------ Available data

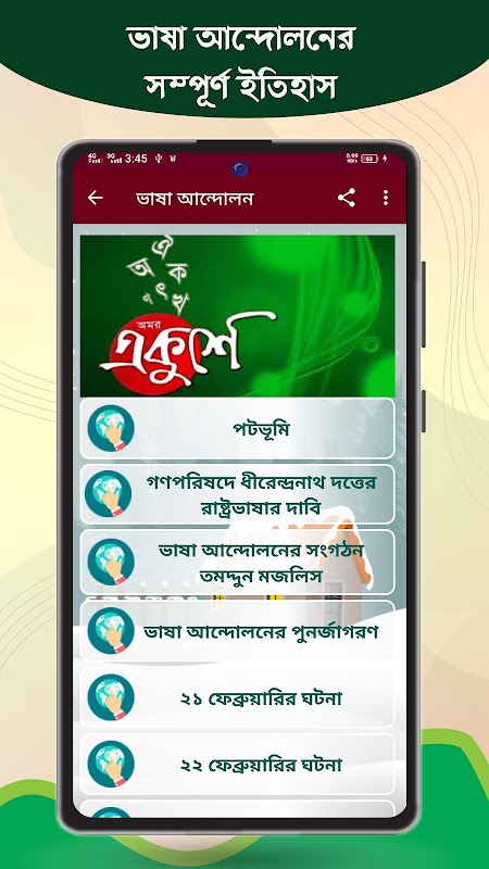 独立の歴史アプリは、バングラデシュの独立と解放戦争について知りたいすべてのベンガル語話者のためのものです。また、独立の完全な歴史アプリには、歴史とは別に解放戦争SMSや詩も含まれています。独立という言葉が私たちにどのようにして来たのか、誰がバングラデシュの独立を宣言したのか、バングラデシュ独立戦争の歴史などを知っていますか。ここで、解放戦争と独立に関するすべての質問に対する答えが得られます。
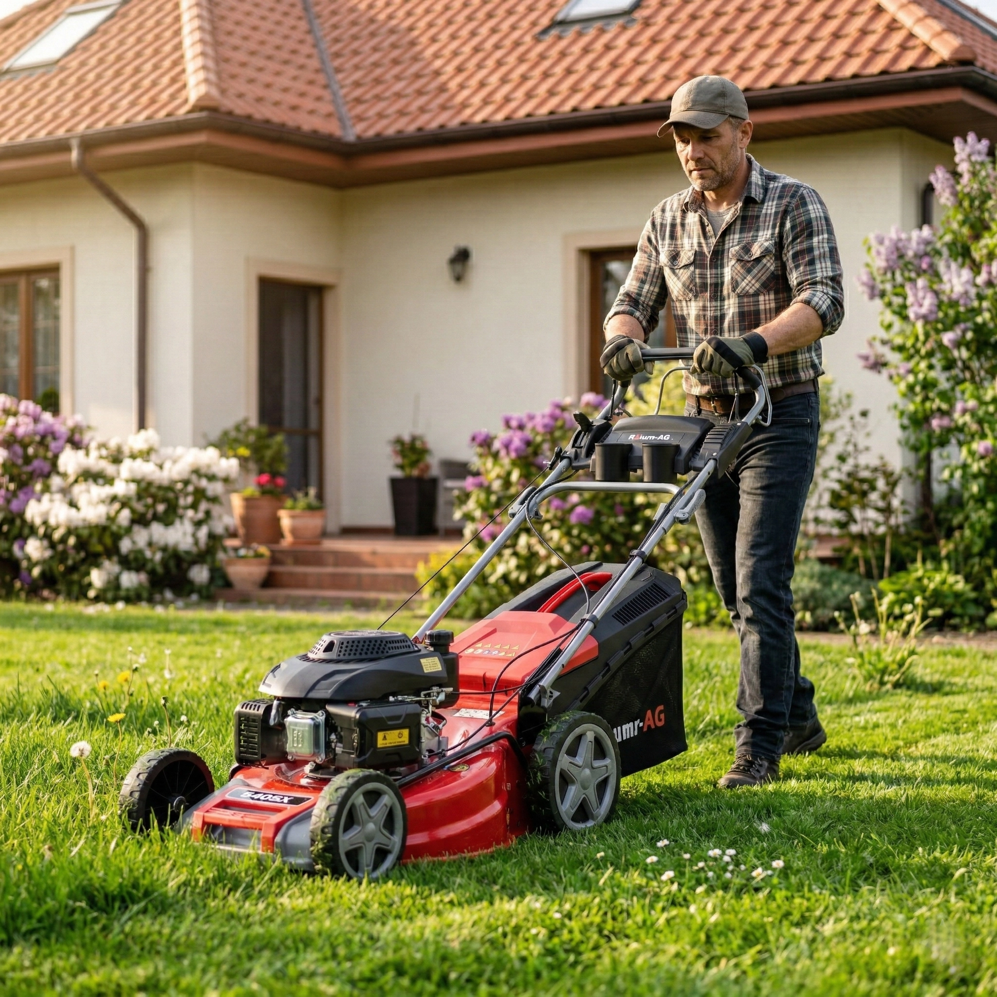 Estetyczny i nowoczesny design kosiarki sprawia, że praca w ogrodzie staje się przyjemnością, a sprzęt prezentuje się profesjonalnie.
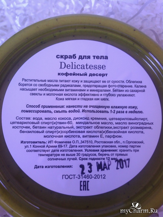 Теперь познакомимся поближе со скрабом для тела «Кофейный десерт».
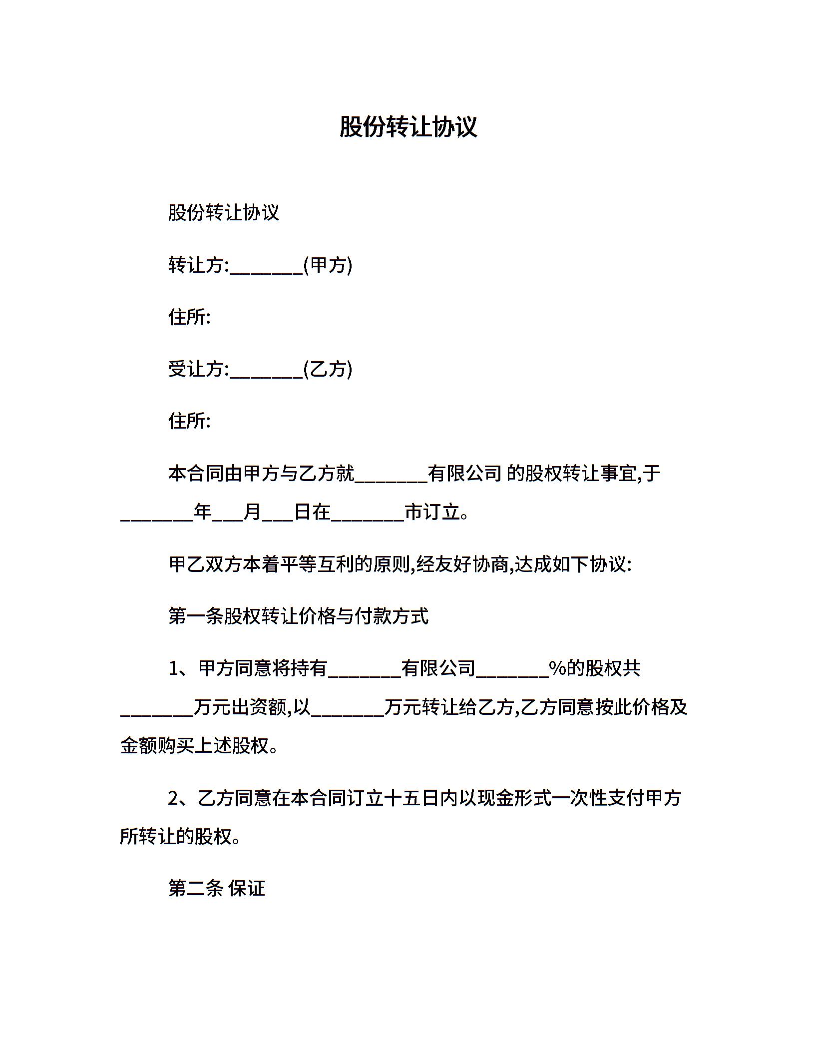 股份转让协议

------------

__Required action__. Would you please retype all the data exactly? Leave out whatever pictures it holds.

__Solution__.
 独立の歴史アプリは、バングラデシュの独立と解放戦争について知りたいすべてのベンガル語話者のためのものです。また、独立の完全な歴史アプリには、歴史とは別に解放戦争SMSや詩も含まれています。独立という言葉が私たちにどのようにして来たのか、誰がバングラデシュの独立を宣言したのか、バングラデシュ独立戦争の歴史などを知っていますか。ここで、解放戦争と独立に関するすべての質問に対する答えが得られます。
 Estetyczny i nowoczesny design kosiarki sprawia, że praca w ogrodzie staje się przyjemnością, a sprzęt prezentuje się profesjonalnie.
 Теперь познакомимся поближе со скрабом для тела «Кофейный десерт».
 股份转让协议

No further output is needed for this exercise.